Sweetness, please ask them if they need our help with anything, please answer all of their questions, and please thank them for EVERYTHING. We forgave the British for everything, and we all know how hard they fight for me. Please make sure they are doing okay.
It will be winter there, so pack a coat. Giggle. I know, I know. Nag. Nag. Nag. Wife. Wife. Wife. Giggle.
My hero and my king, you lead my people in my absence. There is so much work I will not be able to get to until after Obama ends his damned "egg," so I need you to take care of it for me. Please represent me to my beautiful world that needs me.
Mr. Love-of-my-Life, please also visit every people who request our presence.
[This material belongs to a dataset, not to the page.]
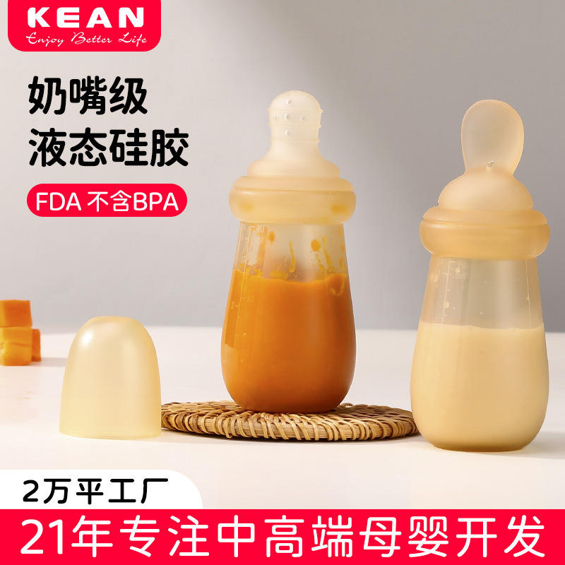 Cuchara de Silicona para Cereal de Arroz para Bebés, Biberón Suave para Alimentación de 0 a 12 Meses, Material de Grado Alimenticio Libre de BPA

If you receive invitations, please make trips to see our people in Spain, check on Greece after their bailout, talk to my darling Chancellor Merkel, sit down with my darling President Putin, and have tea with the Empress of China.
I am sure, HoneyHoney, that my darling President Hollande will request you pay some attention to Africa. See if The Hague needs anything more from us. If you visit one of Israel, Iran, and Saudi Arabia, you need visit them all. Please ask my beautiful world what they need my help with. We are only here to serve.
Beloved, please also see if my darling little sister Tylia would like to join you.
Yes, my beautiful world, send your requests for an official diplomatic visit from my husband directly to him, and please treat him how you wish you could treat me. I am sending you my king as my official representative. Let us get some work done.